Senator (Retd.) Javed Jabbar, the Information Minister who oversaw the liberalization of the media during Musharraf’s rule, was put on a Supreme Court-appointed commission in 2013 to review the workings of the media. Among other startling findings, the commission found that media professionals across the private media were on the payrolls of various political parties and government agencies. Later on, the commission lamented the lack of coverage its findings received in the media, in a second volume of the same report.

This was not just an omission by individual assignment editors and media higher-ups. It was a deliberate, collective omission, made possible by misplaced priorities within the media and the lack of regulatory system to ensure that news organizations do not completely ignore the public interest in their reporting.

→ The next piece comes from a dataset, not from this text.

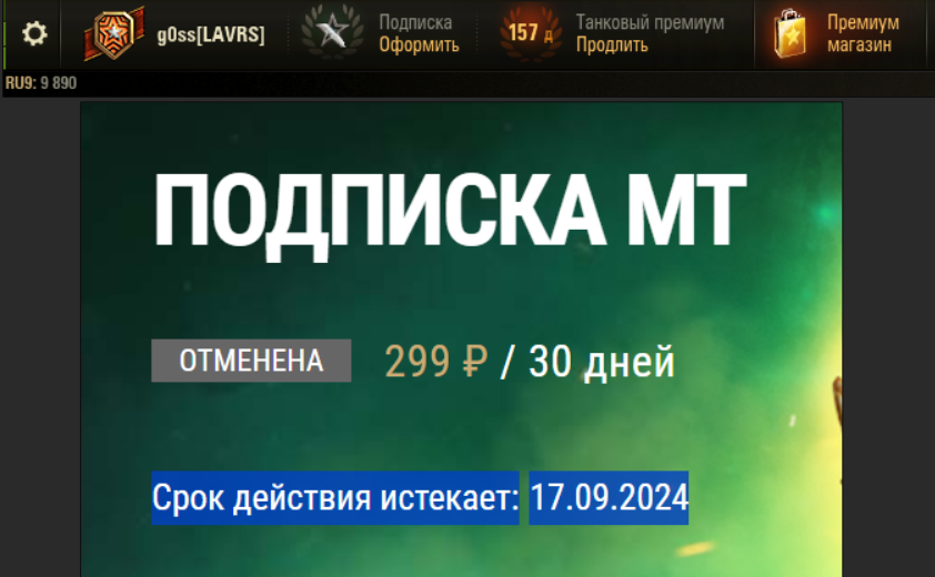 Продлил )активировал) минут 30 назад подписку. Сыграл 1 бой, получил голду по итогу. Ушёл в следующий бой, вышел из него. На подписке надпись "Ошибка" и голды по итогам боя нет(( А так планировал поиграть пофармить вечером.

The tasteless reporting from Edhi’s intended grave site also reflects the misplaced priorities of the media and the failure of our regulatory system. A director from the channel which aired the report may have apologized for the tasteless coverage once it had triggered public outcry, saying it was in clear violation of media ethics.

But if the report was so clearly in violation of media standards, then why was it green-lighted in the first place? If these standards were being enforced at the channel honestly, then concerns about their violation would surely have come up long before the report had caused controversy.

We can’t, however, expect our news organizations and the people within them to suddenly become more ethical in the current environment. No one is going to suddenly figure out how to stay afloat against the rising tide of unethical, misleading and sometimes even politically-motivated reporting, without being nudged in the right direction.

Regulatory bodies like PEMRA will have to do a better job of limiting sensational reporting, especially if it plays on deeply-held feelings or beliefs for higher ratings. The authority’s recent three-day ban on the show of one of the pioneers of Ramazan broadcasting would have set a good precedent, had it been allowed to stand by the courts.

But, at another level, tasteless, sensational reporting is also fueled by the shrinking space for good journalism in the country. State and non-state groups have been exerting different forms of influence and control on the media ever since its liberalization in the Musharraf years.

Putting certain journalists on the payroll is one way of influencing the media, but it is not the only one. The union of the corporate interests of particular news organizations and the political interests of policymakers also limits how reporters can cover certain stories.

Violence, even the threat of it, is another form of control. This is, after all, a country where the number of journalists killed or attacked in the course of their work is among the highest in the world.

These forces have limited the space for thoughtful, original reporting on national issues – to the extent that all news organizations have now fallen into the habit of toeing particular lines on important national issues. Publishing reports from foreign wire services has allowed at least some newspapers to avoid toeing a few of these lines on occasion. But, as is evident from the threats received by the reporter who broke the story of parrallel sharia courts in Lahore being run by a proscribed religious organization, original reporting on issues deemed sensitive hardly ever goes unpunished.

Worthwhile stories don’t need to be gratuitous to generate interest. If they are well-reported, they gain traction simply by adding some timely and new information to an ongoing national conversation. We should be encouraging the production of such stories if we have had enough of the alternative.